蔡元培蘸了点墨水,批阅着手头的文件:“你呀,早就让你把编辑社搬到北京,当初你还不肯,现在跟我打哑谜,人心不古喔,都欺负上了年纪的老家伙。对了,别忘了你还是北京大学的文科学长,致远人是不错,但他更优秀的地方是在算学,你可别把他的路给带歪了,要不然别说我饶不了你,冯教授那里也不好解释。”
陈先生笑笑,摸摸头发避而不答,单手掐腰指着远处的集会,微眯着眼:“蔡公啊,你说未来咱们北京大学的女子是不是都如此彪悍,巾帼不让须眉,这女禁开得好,开的妙啊!”

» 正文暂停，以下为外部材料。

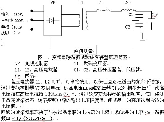 變頻控制器集調(diào)壓、調(diào)頻、控制及保護(hù)功能為一體,省去了笨重的調(diào)壓器,而且操作方便、讀數(shù)直觀。由于系統(tǒng)Q值較高(30-120),有效地解決了由于電源容量的不足對(duì)現(xiàn)場(chǎng)試驗(yàn)的制約。當(dāng)電壓等級(jí)較高時(shí),電抗器采用多級(jí)或疊積式結(jié)構(gòu),便于運(yùn)用輸及現(xiàn)場(chǎng)安裝。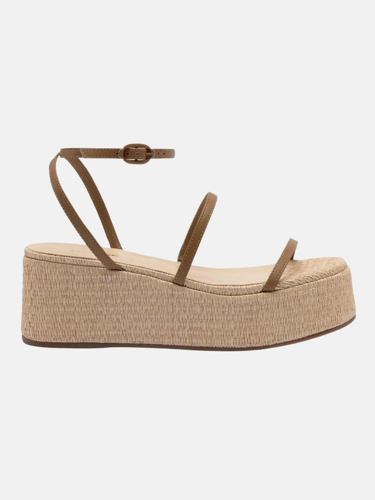 Gio Flatform Sandal In Natural Raffia and Hazelnut Trimming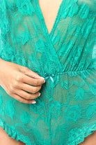 A dreamy lace romper in a semi-loose silhouette, featuring a plunging neckline and flirty ruffle trims. Soft, feminine, and effortlessly romantic.

蔡元培听罢无奈的摇摇头,将毛笔放下,背手与其并排看着远方:“造就完全人格,男女一也。德先生和赛先生面前,不会因为你姓陈我姓蔡,就优待谁,也不会因为我是男她是女,而偏向谁。只不过啊,虽是老友家的千金,可依然是女大不中留啊。”
这话里明显有话,甚至还有些常人不知道的隐情,勾的陈先生心痒痒,侧脸笑道:“蔡公,现学现卖那可是耍赖啊。”
蔡元培畅快大笑:“说是男女,可实际上说的却是一个人,我听说你家的两个孩子来京了,怎么样,父子间的关系有没有好些?”
“嗳,谁让都是我的种呢,认死理,慢慢来吧......”
......
四合院,程诺正紧锣密鼓处理《简明数学辞典》最后的收尾工作,天津那边已经传来消息,辫子军已经开始集结,随时有可能闯到北京复辟,因此他需要利用好这段时间,免得将来另生变数。
这时门外突然传来敲门声,打开门一看正是许久未见的叶企孙,斜挎着包拎着两盒点心。